Медленно-медленно копится в небе гроза, но молния сверкнет вдруг; внутренние очи сердца открываются у человека Иисуса медленно, но совсем открылись – увидели – вдруг.
XXVIII
«Он уходил в пустынные места и молился» (Лк. 5,15.) – «На гору взошел помолиться наедине, и вечером оставался там один» (Мт. 14, 23.) – «Утром, встав весьма рано, когда еще было темно, вышел (из дома) и удалился в пустынное место, и там молился» (Мк. 1, 35.) – «На гору взошел и пробыл всю ночь в молитве» (Лк. 6, 12.)
Сколько таких нагорных молитв в Евангелии! Если в жизни явной, то, вероятно, и в тайной, уходил Он молиться в пустыни и на горы, – может быть, еще в те дни, когда пас овец в Назарете, двенадцатилетним отроком.
И вот, пишется невольно, в сердце нашем, рядом с Евангелием явным, тайное, – не в новом, а в древнем, вечном смысле.
Стадо черных коз водит Пастушок из Назарета на злачные пажити горных лугов Галилеи.

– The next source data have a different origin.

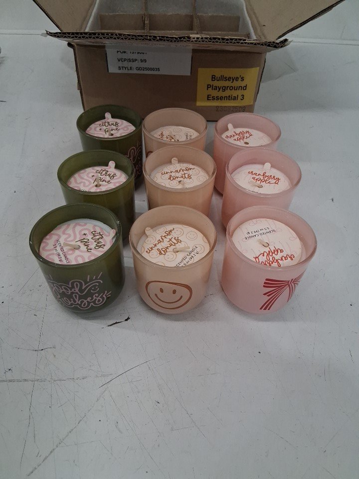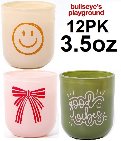 12pk bullseye's playground ceramic candles - 3.5oz - cinnamon donuts/cranberry apple/ citrus pine
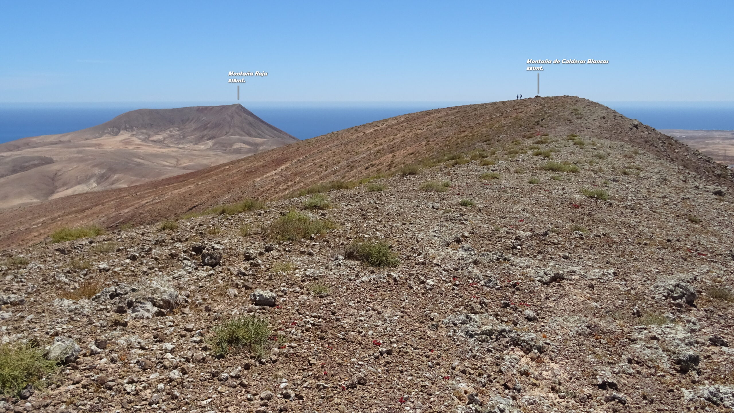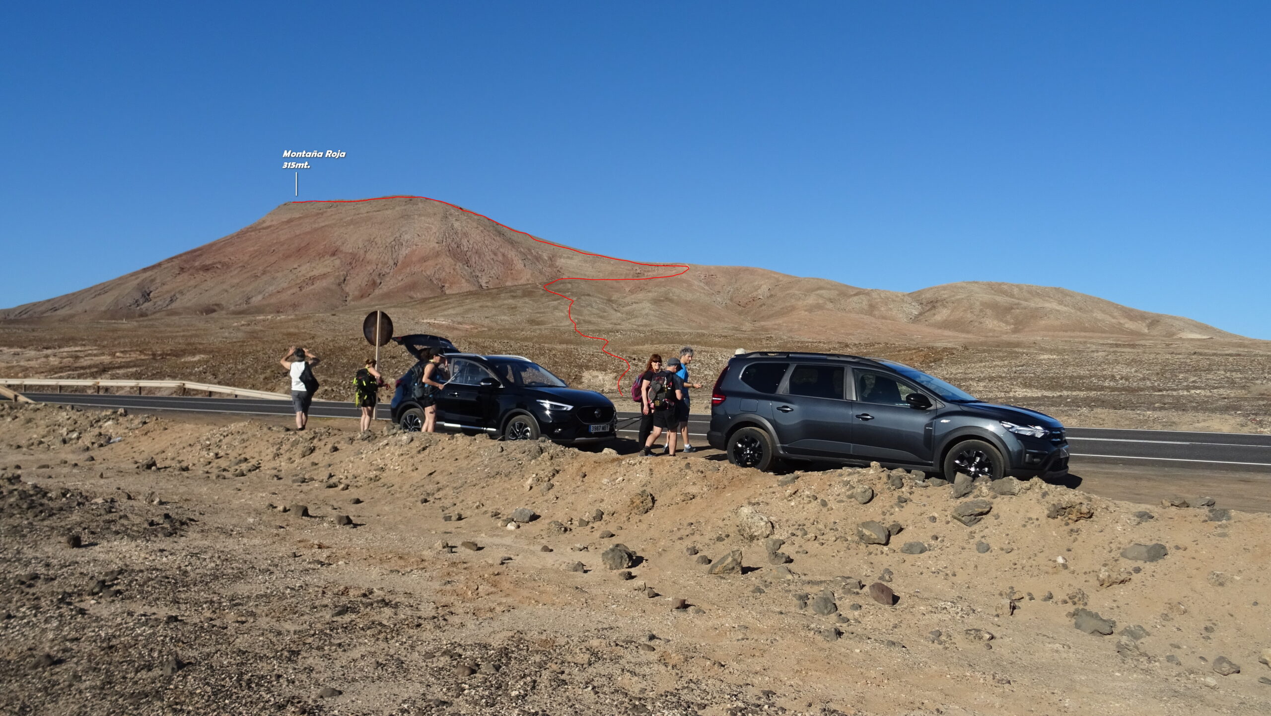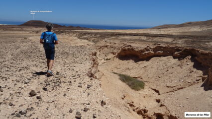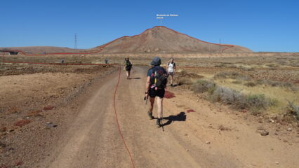 Partiti dalla strada costiera salendo alla Moñtana Roja sul sentierino che porta in cima. Tratto di discesa senza sentiero su terreno con ghiaietta simil sferica molto infida da fare con attenzione. Poi si traversa ad occhio verso la piana desertica che intercettando la strada che porta sotto i pendii della Moñtana Caiman. Salita seguendo una traccia GPS facile con tratti tra roccete vulcaniche e discesa facile su labile traccia. Tratto verso Moñtana de Calderas Blancas inizialmente su facile sterrata, poi salita e discesa fuori sentiero. Barranco de las Pilas facile ed intuitivo basta seguirlo per quasi tutta la sua lunghezza riportandosi verso il punto di partenza.
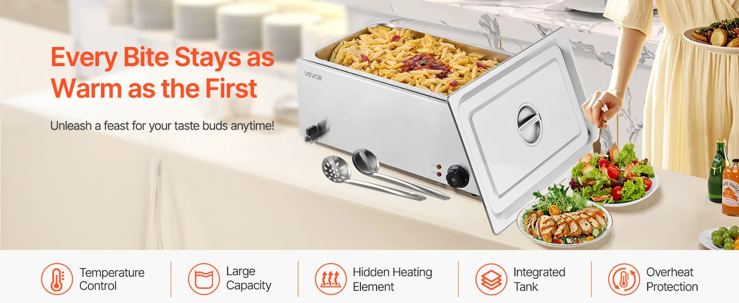 Este calentador de alimentos comercial es perfecto para hoteles, snack-bares, cafeterías y fiestas al aire libre.
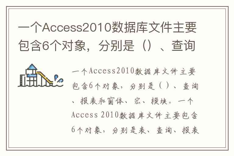 一个Access 2010数据库文件主要包含6个对象,分别是表、查询、报表和窗体、宏、模块。其中,表是整个数据库系统的基础,它是数据库中唯一存储数据的对象,其他对象(如查询、窗体、报表等)都需以表为数据源进行操作。
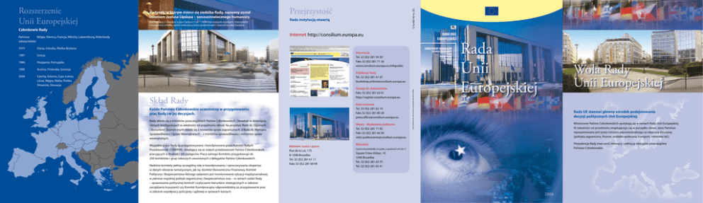 Budynek, w którym mieści się siedziba Rady, nazwany został imieniem Justusa Lipsiusa – szesnastowiecznego humanisty. Pochodzący z Overijse Justus Lipsius (1547–1606) był znanym uczonym, historykiem i humanistą schyłku epoki renesansu, który podróżował i nauczał w całej Europie. Członkowie Rady Rada instytucją otwartą Internet http://consilium.europa.eu Państwa Belgia, Niemcy, Francja, Włochy, Luksemburg, Niderlandy założycielskie 1973 Przejrzystość QC-74-06-289-PL-D Rozszerzenie Unii Europejskiej RADA UNII EUROPEJSKIEJ Dania, Irlandia, Wielka Brytania 1981 Grecja 1986 Hiszpania, Portugalia 1995 Austria, Finlandia, Szwecja 2004 Czechy, Estonia, Cypr, Łotwa, Litwa, Węgry, Malta, Polska, Słowenia, Słowacja PL SEKRETARIAT GENERALNY Dyrekcja Generalna F Prasa Komunikacja Protokół Informacja Tel. 32 (0)2 281 56 50 Faks 32 (0)2 281 71 36 www.consilium.europa.eu/infopublic Publikacje Rady Tel. 32 (0)2 281 61 07 [email protected] Skład Rady Biuro prasowe Tel. 32 (0)2 281 63 19 Faks 32 (0)2 281 80 26 [email protected] Każde Państwo Członkowskie uczestniczy w przygotowaniu prac Rady i w jej decyzjach. Rada składa się z ministrów poszczególnych Państw Członkowskich. Obraduje w dziewięciu różnych konfiguracjach w zależności od przedmiotu obrad. Na przykład, Rada ds. Ogólnych i Stosunków Zewnętrznych składa się z ministrów spraw zagranicznych, a Rada ds. Wymiaru Sprawiedliwości i Spraw Wewnętrznych – z ministrów sprawiedliwości i ministrów spraw wewnętrznych. Wszystkie prace Rady są przygotowywane i koordynowane przez Komitet Stałych Przedstawicieli (COREPER), składający się ze stałych przedstawicieli Państw Członkowskich pracujących w Brukseli i ich zastępców. Pracę samego Komitetu przygotowuje ok. 250 komitetów i grup roboczych utworzonych z delegatów Państw Członkowskich. Niektóre komitety pełnią szczególną rolę w koordynowaniu i opracowywaniu ekspertyz w danym obszarze tematycznym, jak np. Komitet Ekonomiczno-Finansowy, Komitet Polityczny i Bezpieczeństwa (którego zadaniem jest monitorowanie sytuacji międzynarodowej w zakresie wspólnej polityki zagranicznej i bezpieczeństwa oraz – w ramach zadań Rady – sprawowanie politycznej kontroli i wytyczanie kierunków strategicznych w zakresie zarządzania kryzysami) czy Komitet Koordynacyjny odpowiedzialny za przygotowanie prac w zakresie współpracy policyjnej i sądowej w sprawach karnych. Wizyty - Wydarzenia publiczne Tel. 32 (0)2 281 71 92 Faks 32 (0)2 281 66 09 [email protected] Bâtiment Justus Lipsius Rue de la Loi, 175 B-1048 Bruxelles Tel. 32 (0)2 281 61 11 Faks 32 (0)2 281 69 99 Zdjęcia: obsługa fotograficzna Sekretariatu Generalnego Rady Dostęp do dokumentów Faks 32 (0)2 281 63 61 http://register.consilium.europa.eu Rada Unii Europejskiej Wola Rady Unii Europejskiej Rada UE stanowi główny ośrodek podejmowania decyzji politycznych Unii Europejskiej. Ministrowie Państw Członkowskich spotykają się w ramach Rady Unii Europejskiej. W zależności od przedmiotu znajdującego się w porządku obrad, dane Państwo reprezentowane jest przez ministra odpowiedzialnego za właściwą dziedzinę (polityka zagraniczna, finanse, polityka społeczna, transport, rolnictwo itd.). Prezydencja Rady trwa sześć miesięcy i pełnią ją rotacyjnie poszczególne Państwa Członkowskie. Biblioteka Czynna od poniedziałku do piątku, w godzinach od 9 do 17. Square Frère-Orban, 10 1040 Bruxelles Tel. 32 (0)2 281 65 75 Tel. 32 (0)2 281 65 41 2006 Rada pełni rolę decyzyjną i koordynacyjną. • Rada Unii Europejskiej uchwala akty prawne, na ogół w drodze procedury współdecyzji z Parlamentem Europejskim. • Rada koordynuje ogólną politykę gospodarczą Państw Członkowskich. • Rada UE określa i wdraża wspólną politykę zagraniczną i bezpieczeństwa Unii na podstawie ogólnych wytycznych Rady Europejskiej. • Rada zawiera w imieniu Wspólnoty i Unii umowy międzynarodowe pomiędzy Wspólnotą a innymi krajami lub organizacjami międzynarodowymi. • Rada koordynuje działania Państw Członkowskich i przyjmuje środki w zakresie współpracy policyjnej i sądowej w sprawach karnych. • Rada i Parlament Europejski są uprawnione do uchwalania budżetu Wspólnoty. Sekretariat Generalny Rady Akty prawne Rady Sekretariat pod kierownictwem Sekretarza Generalnego przygotowuje prace Rady i zapewnia sprawność funkcjonowania i ciągłość jej prac. Akty prawne Rady mogą mieć formę rozporządzeń, dyrektyw, decyzji, wspólnych działań lub stanowisk, zaleceń lub opinii. Rada może także przyjmować konkluzje, deklaracje i rezolucje. Podczas gdy Rada pełni funkcję prawodawczą, wnioski co do aktów prawnych zgłaszane są w zasadzie przez Komisję Europejską. Są one następnie rozpatrywane przez Radę, która może je zmienić przed uchwaleniem. Javier Solana Madariaga – pierwszy Sekretarz Generalny Rady / Wysoki Przedstawiciel ds. Wspólnej Polityki Zagranicznej i Bezpieczeństwa UE. Parlament Europejski jest aktywnym uczestnikiem procesu legislacyjnego. W bardzo wielu sprawach prawodawstwo wspólnotowe uchwalane jest wspólnie przez Parlament i Radę w drodze tzw. procedury współdecyzji. Zwykła większość głosów, większość kwalifikowana i jednomyślność Rada Europejska Liczbę głosów przysługujących poszczególnym Państwom Członkowskim określają Traktaty. Traktaty określają również, w jakich przypadkach wymagana jest zwykła większość głosów, większość kwalifikowana lub jednomyślność. Od 1 listopada 2004 roku kwalifikowana większość głosów wymaga spełnienia następujących dwóch warunków: • większość Państw Członkowskich głosuje «za» (w niektórych przypadkach większość dwóch trzecich głosów); • minimum 232 głosów «za», tzn. 72,3% wszystkich głosów (mniej więcej taki sam procent jak w poprzednim systemie). Ponadto Państwo Członkowskie może zażądać potwierdzenia, że gł

Слишком для Него высок, должно быть, отцовский, из белого акацийного дерева, немного в середине от потной руки потемневший, загнутый кверху крючком, пастуший посох. Бедные, на голых, загорелых ножках, стоптанные, из пальмовых листьев плетенные, тоже для Него слишком большие, должно быть, отцовские, лапотки-сандалийки, с ремешками истертыми, – один, почти оторванный, мотается сбоку; надо бы починить или совсем оторвать, да все забывает. Некогда ярко-голубой, с желтыми полосками, но давно уже на солнце выцветший, серый, шерстяной платок на голове, стянутый шнурком так, что лежит гладко-кругло на темени и падает на спину прямыми длинными складками, – головной убор пастухов, незапамятно-древний, может быть, еще дней Авраамовых, когда первые пастухи-кочевники пришли из Сенаара в Ханаан.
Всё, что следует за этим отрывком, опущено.